Veneziani gran signori
Padovani gran dottori
Veronesi tutti matti
Vicentini mangia gatti

it's obviously a commonplace and it was born a few centuries ago when money and opulence were held by Venice while in Padua was settled one of the first university. so the first two lines state:

the inhabitants of Venice are rich whilst Padua's one are well educated.

the other two lines are slightly insulting since they declare that Verona's people are all crazy and Vicenza's people are cat-eaters.

please note: in Veneto there are other 3 major cities which are not mentioned at all! Treviso, Rovigo e Belluno.

at that time those towns were so irrilevant to not deserve even an insult!

nowadays the saying has no negative meaning... it's only an innocent saying and i guess younger people has hardly heard of it.

hoping your curiosity would be satisfied 
_(please correct my English i have the feeling i made a lot of errors!)_


----------



## Andysi

Is this dialect using the verb comprare?


----------



## ics

Is the verb comperare/comprare. 
It is not a dialect but standard italian. Is a short of onomatopeic word as far as it imitates the frase pronounced by _venditori ambulanti_ who does not speak well italian in their purpose to say “vuoi/vuole comprare?”
hope it helps, bye!


----------



## moodywop

Well, it's not standard Italian - neither in its spelling nor in its structure. Even if you change the spelling to "vuoi comprare?" it's not what we would say in Italian.

It sounds like an inaccurate imitation of the way it might be said in southern dialects like mine - but it still isn't right, since an object personal pronoun is required.

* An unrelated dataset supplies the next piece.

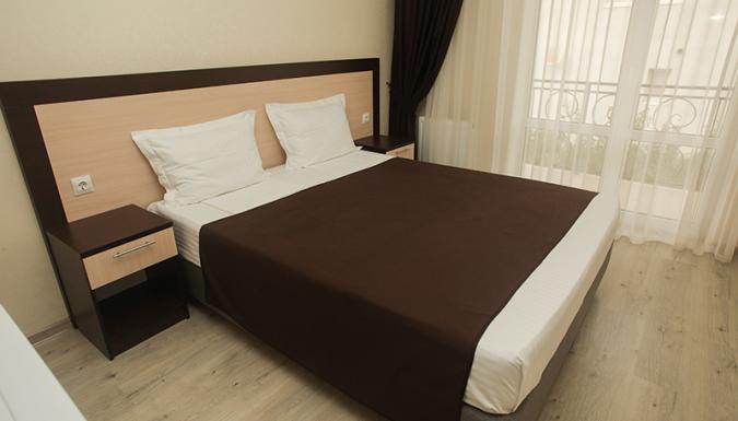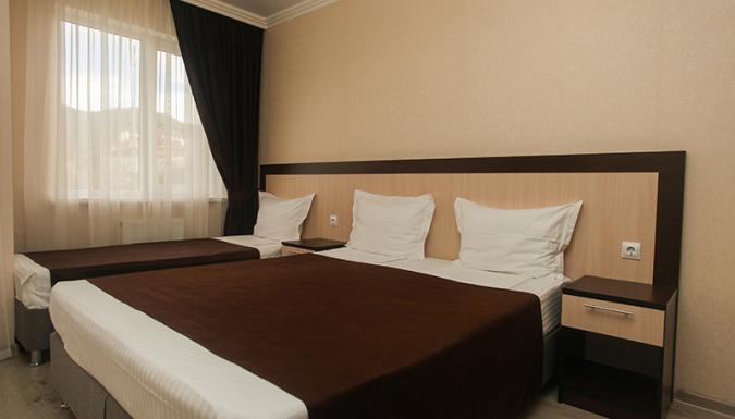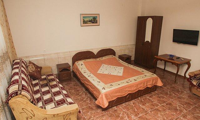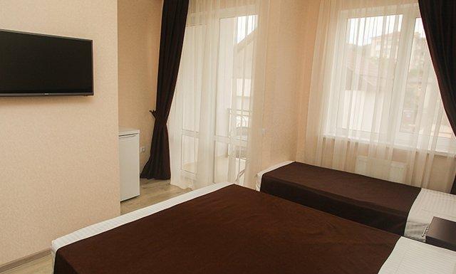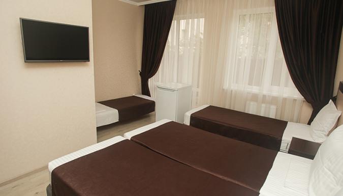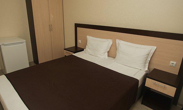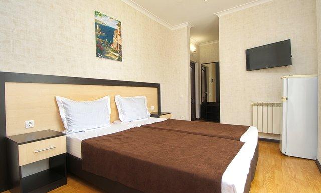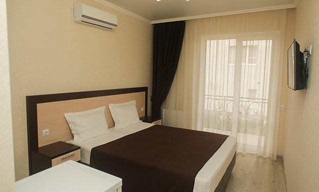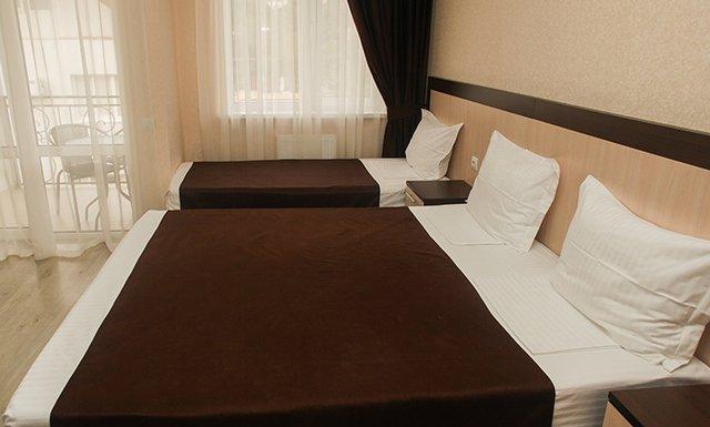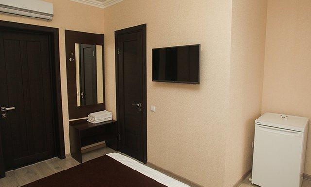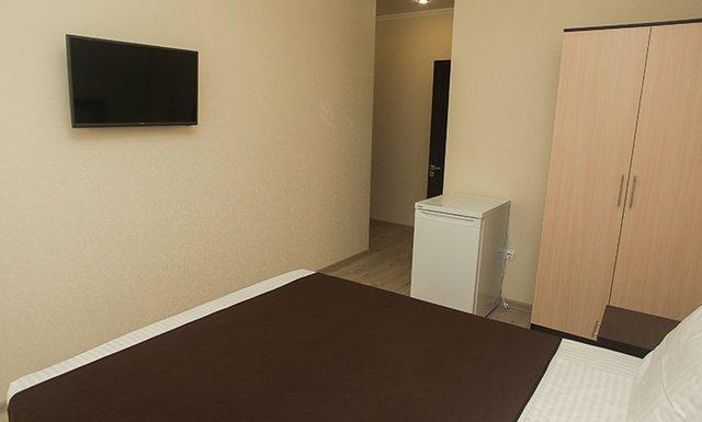 Стандарт: двуспальная кровать/2 односпальные кровати/двуспальная + односпальная кровати/4 односпальные кровати/двуспальная + 2 односпальные кровати, прикроватные тумбочки, шкаф, зеркало, вешалка, сплит-система, телевизор, холодильник, санузел с душем, балкон (не во всех номерах).
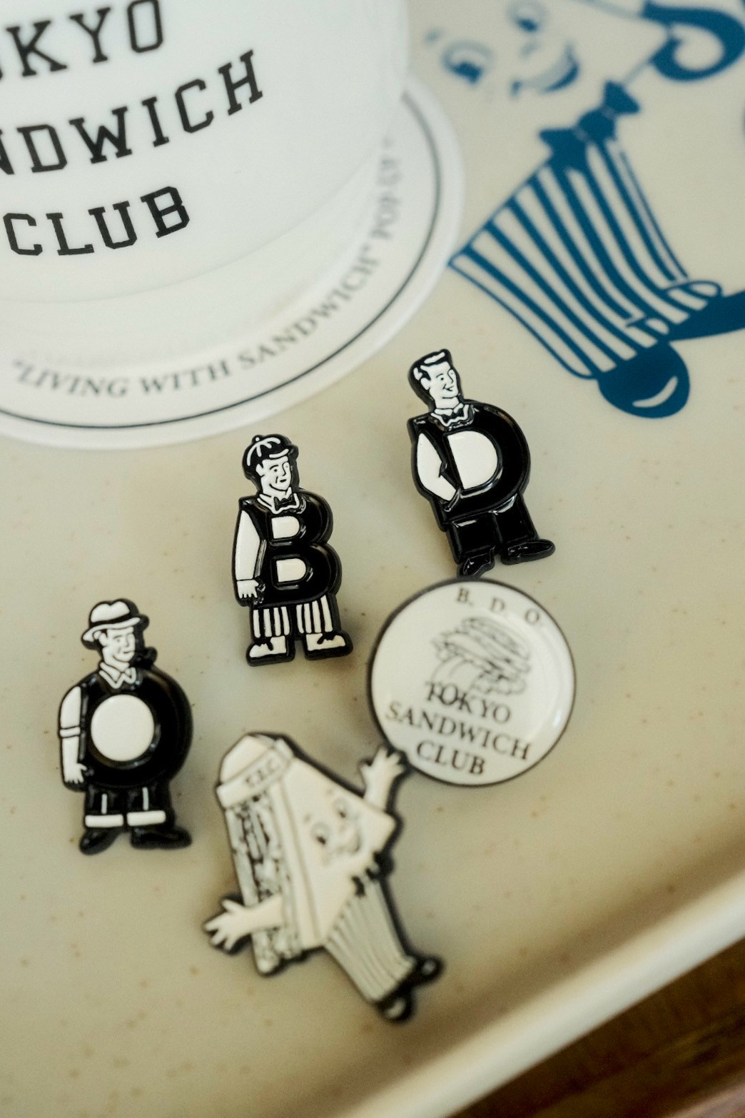 以Tokyo Sandwich Club 品牌經典圖像作為主視覺,藉由沖壓鑄型、人工入色工序將色彩與細節精緻呈現,整體色澤鮮艷飽和,細節精緻出色,可用於服裝、織品及包包配飾等,為日常搭配增添個人特色。

It is written as one word and is a racist blanket term for _venditori ambulanti (_mainly from Africa but also from Pakistan and more recently from China - at least in my area):

*vucumprà *s.m. e f.inv.
CO spec. spreg_.[_spregiativo, i.e. derogatory]_,_ venditore ambulante, spec. nordafricano o di colore


----------



## Dushnyoni

moodywop said:
			
		

> Well, it's not standard Italian - neither in its spelling nor in its structure. Even if you change the spelling to "vuoi comprare?" it's not what we would say in Italian.
> 
> It sounds like an inaccurate imitation of the way it might be said in southern dialects like mine - but it still isn't right, since an object personal pronoun is required.
> 
> It is written as one word and is a racist blanket term for _venditori ambulanti (_mainly from Africa but also from Pakistan and more recently from China - at least in my area):
> 
> *vucumprà *s.m. e f.inv.
> CO spec. spreg_.[_spregiativo, i.e. derogatory]_,_ venditore ambulante, spec. nordafricano o di colore


Yep. Both of them are right and I have been treated like one more than once here in Italy. Even my friend's grandmother though I was one when I knocked their doo looking for him. It is kind of racist.


----------



## moodywop

Dushnyoni said:
			
		

> Yep. Both of them are right and I have been treated like one more than once here in Italy. Even my friend's grandmother though I was one when I knocked their door looking for him. It is kind of racist.


 
Absolutely right, Dushnyoni. I'm aware many Italians think they are using the word jocularly but you would expect better from a nation millions of whose citizens emigrated to many countries to escape poverty.
Sadly, many Italians _hanno la memoria corta._

(I expect someone will find my choice of "wop" as my nickname contradictory but I explained my reasons for choosing it in a previous post)


----------



## Dushnyoni

moodywop said:
			
		

> Absolutely right, Dushnyoni. I'm aware many Italians think they are using the word jocularly but you would expect better from a nation millions of whose citizens emigrated to many countries to escape poverty.
> Sadly, many Italians _hanno la memoria corta._
> 
> (I expect someone will find my choice of "wop" as my nickname contradictory but I explained my reasons for choosing it in a previous post)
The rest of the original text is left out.